Mirror, mirror
Camille Khouri visits the new offices of Warren and Mahoney Auckland, a gold box that reflects the beauty of its home inside an old shipping warehouse.
They may have only moved around the corner, but Warren and Mahoney have come a long way from its previous dark and enclosed office on Victoria Street to arrive at these glitzy new digs in Wynyard Quarter.
The offices are encased inside the Mason Bros building, an old shipping warehouse that most recently housed America’s Cup mast-makers Southern Spars. The design makes sure to reference the history of the building, while still presenting a bold new storefront for the architecture firm.
A reflective gold glass box envelops the working spaces on the upper floor and appears to hang above the lower floor, to evoke the idea of a ship in a bottle. The soft light quality through the saw-tooth roof was a key driver for the design, explains architect Blair Johnston.
“There was a clear ambition to create an object that sits within the existing fabric of the building and sets off all the walls in a respectful way. We were hoping to create a strong contrast between old and new but also amplify the existing, so the gold mirror glass enclosure is really enhancing the light quality, reflecting all of the existing brickwork and creating this sense of special ambiguity.
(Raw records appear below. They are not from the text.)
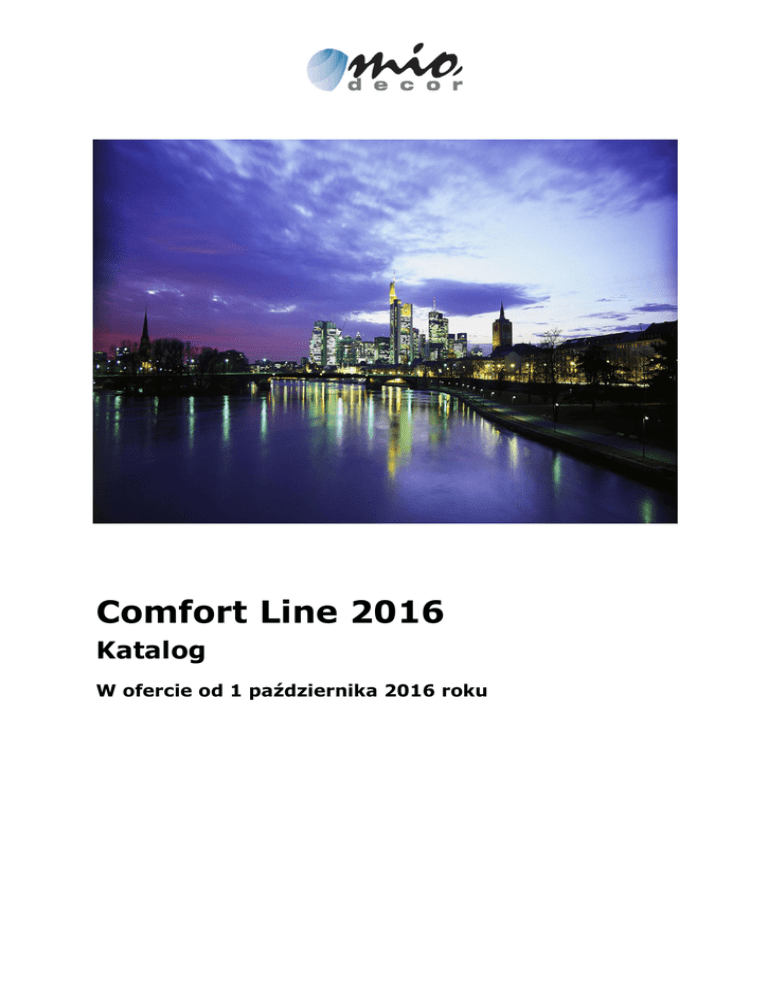 Comfort Line 2016 Katalog W ofercie od 1 października 2016 roku KARNISZE ELEKTRYCZNE Comfort System Karnisze elektryczne Comfort System to gwarancja cichej pracy na poziomie 30 dB, praktycznie nieograniczonej funkcjonalności dzięki wielu opcjom sterowania oraz atrakcyjnej ceny. Nasze zalety: - karnisze o długości do 6m (możliwość indywidualnej wyceny karniszy o dł. do 18 m), maksymalne obciążenie do 90 kg, cicha praca (30 dB), miękki start & miękki stop, łatwy montaż do sufitu lub ściany, nie wymaga ustawienia położeń krańcowych, - nie wymaga późniejszej konserwacji. KARNISZE ELEKTRYCZNE Comfort System Sterowanie: - przewodowe 230V, radiowe, DCT (bezpotencjałowe), RS 485, funkcja Touch motion (ruch przez pociągnięcie zasłony), - z systemów inteligentnego budynku, - w przypadku braku prądu istnieje możliwość ręcznego przesuwu zasłony. Silnik 5 żyłowy - sterowanie AC 100-240V: Silnik 5 żyłowy Żyły: - przewodowe --- neutralny - DCT --- faza - RS 485 --- faza kierunkowa 1 - Radiowe --- faza kierunkowa 2 - Touch motion --- uziemienie Wymiarowanie: Na długości toru należy przewidzieć ok. 1,5cm dystansu od silnika do przeciwległej ściany z każdej strony. Szerokość wnęki na pojedynczy karnisz mocowany do sufitu wynosi 9cm, na podwójny 18cm. KARNISZE ELEKTRYCZNE Comfort System Wymiarowanie – szyna pojedyncza: Wymiarowanie – szyna podwójna: Ilość miejsca zajmowana przez zasłonę po jednej stronie: - przesuw jednostronny: dł. karnisza [m] x 14 + 27cm - przesuw centralny: dł. karnisza[m] x 7 + 27cm KARNISZE ELEKTRYCZNE Comfort System Dane techniczne: Napięcie zasilania 100-240V AC 50-60Hz Model CS 90 Stopień ochrony IP 20 Moc 80 W Maksymalny uciąg 90 kg Typ przewodu zasilającego H05 VVF Średnica przewodu 5x 1mm Maksymalna długość przewodu do zasilania bezpotencjałowego Ruch przez pociągnięcie (Touch motion) Obsługa ręczna Soft start & Soft stop Poziom hałasu Prędkość Certyfikaty 30 m TAK TAK TAK & TAK 30 dB 14 cm/s CE KARNISZE ELEKTRYCZNE Comfort System Programowanie karniszy Comfort System: 1) Przypisanie pilota do napędu: Przytrzymaj PRZYCISK PROGRAMOWANIA w dolnej części napędu przez 1 sekundę – dioda LED wolno miga na czerwono. Przyciśnij przycisk GÓRA na pilocie – dioda LED miga na niebiesko. ZAPROGRAMOWANO 2) Zmiana kierunku obrotów silnika: Przytrzymaj przycisk STOP na pilocie przez 5 sekund – dioda napędu wolno miga na czerwono Puść i ponownie przyciśnij STOP – dioda LED miga na niebiesko. ZMIENIONO KIERUNEK OBROTÓW SILNIKA 3) Programowanie dodatkowego punktu zatrzymania – pozycja komfortowa My: Przytrzymaj jednocześnie przyciski GÓRA i DÓŁ na pilocie przez 1 sekundę – dioda LED miga na niebiesko. USTAWIONO POZYCJĘ KOMFORTOWĄ 4) Usuwanie dodatkowego punktu zatrzymania – pozycji komfortowej My: Przytrzymaj jednocześnie przyciski GÓRA i DÓŁ na pilocie przez 5 sekund – dioda LED miga na niebiesko. USUNIĘTO POZYCJĘ KOMFORTOWĄ 5) Przypisanie dodatkowego pilota/kanału Przytrzymaj przycisk STOP na pilocie przez 5 sekund – dioda napędu wolno miga na czerwono Przyciśnij przycisk GÓRA na nowym pilocie lub na dotychczasowym po wybraniu nowego kanału – dioda LED miga na niebiesko. ZAPROGRAMOWANO NOWY PILOT/ KANAŁ KARNISZE ELEKTRYCZNE Comfort System 6) Usuwanie zaprogramowanego kanału Przytrzymaj przycisk STOP na pilocie przez 5 sekund – dioda napędu wolno miga na czerwono. Przyciśnij przycisk DÓŁ – dioda LED miga na niebiesko. USUNIĘTO KANAŁ 7) Przywrócenie ustawień fabrycznych Przytrzymaj przez 5 sekund PRZYCISK PROGRAMOWANIA w dolnej części napędu – dioda LED miga na czerwono. Puść i ponownie przytrzymaj przez 1 sekundę PRZYCISK PROGRAMOWANIA w dolnej części napędu – dioda LED miga na niebiesko. PRZYWRÓCONO USTAWIENIA FABRYCZNE 8) Aktywacja Touch Motion P przytrzymaj przez 7 sekund PRZYCISK PROGRAMOWANIA w dolnej części napędu – dioda LED mignie na czerwono, następnie na niebiesko. ZAPROGRAMOWANO FUNKCJĘ TOUCH MOTION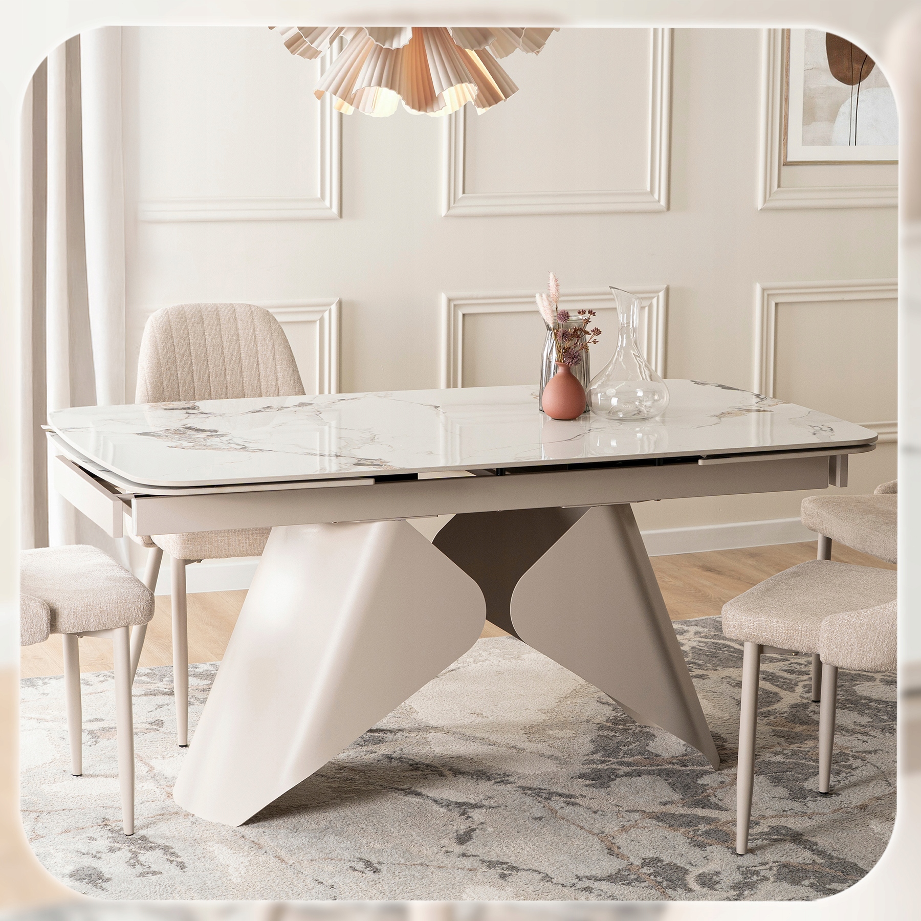 Ten stół to kwintesencja luksusu zaklęta w ceramice klasy premium, połączenie wyrafinowanego stylu i perfekcyjnego wykonania, które przyciąga wzrok i wzbudza zachwyt.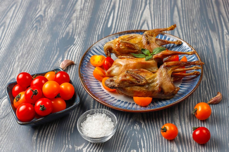 Запеченные перепела обладают привлекательным внешним видом и изысканным вкусом, прекрасно сочетаются с разнообразными дополнениями: в холодное время года — с картофелем и крупами, в теплое — с салатами из свежих овощей и различными соусами. Чтобы птица напиталась ароматами, рекомендуется замариновать тушки минимум на протяжении часа.

When you walk in, it’s hard to tell where the new insertion starts and finishes due to this reflective glass, so there’s an interesting tension there.”
The shell of the building was retained in its original form, and the gantry system, which was used to shift heavy machinery around the warehouse, is still visible around the ceiling. The foundations were strengthened and the land beneath the building was decontaminated, but whatever was taken from the original building, was replaced. The only new elements on the façade are the windows and lintels.
Warren and Mahoney take up the ground and first floors of the southern elevation. Above will be consultancy firm Mott McDonald, and GridAKL will inhabit the northern end, along with a café on the ground floor. The east-facing length of the building is taken up by a public laneway, providing access between Pakenham and Madden Streets.
Warren and Mahoney’s offices spill out into this laneway, with tables and chairs set up outside their staff kitchen on the ground level. The reception area is an open space, inviting views up the atrium stairs. The transparent nature of the new offices means a higher level of communication with the public, bringing the company’s work out of the dark figuratively as well as literally, explains WaM’s Principal Scott Compton.
“We’ll get a lot of transient visitors, people who aren’t necessary working with us, engaging with Warren and Mahoney on a simple, referential scale,” he says. “This was one of the objectives of the project: to get away from the dark, mysterious place we were in before. With its formal reception, it was difficult to see what went on behind the scenes.”
The atrium serves as a space to host events. Up to 60 people can be seated on the bleacher seats, while around 40 more can stand around the upper level to view a projector screen on the upper wall, for large-scale presentations.
“We wanted to integrate ways in which we can get closer to the market we are in, to speak with our peers and have the ability to host them,” says Compton. “This is a simple device that allows companies or agencies such as Panuku Development to come and talk about what they’re doing.”
Materials are kept simple, with blackened steel – a reference to the roots of the building – used on the reception desk and the cladding of the ground floor meeting room, which is visible from the laneway. The concrete floor was poured and ground, and a concrete tone carpet was chosen for the work areas beyond. Warmth is brought in through pops of colour in the furniture and also through the extensive use of timber. Furniture is all by local designers and manufacturers, such as Fletcher Systems, Simon James Design, Goldsworthy and IMO.
An interesting feature of the workspaces upstairs is a purpose-built virtual reality space, where clients can experience 3D-modelled environments from within. Compton says this is a whole new way of working with a client in an architectural design space, which leaves less to chance.
“Using the paddles, we can pick stuff up and move it, throw it. Depending on what the client is looking for, we can prototype things. We can build examples in virtual reality, and you can get the scale and walk around them and look at the detail up close. Equally we can create massive spaces and get a sense for the volume.”
It appears the Mason Bros building has been reborn as a hub for design and innovation, a fact that will be further evident when GridAKL moves in around the middle of 2017.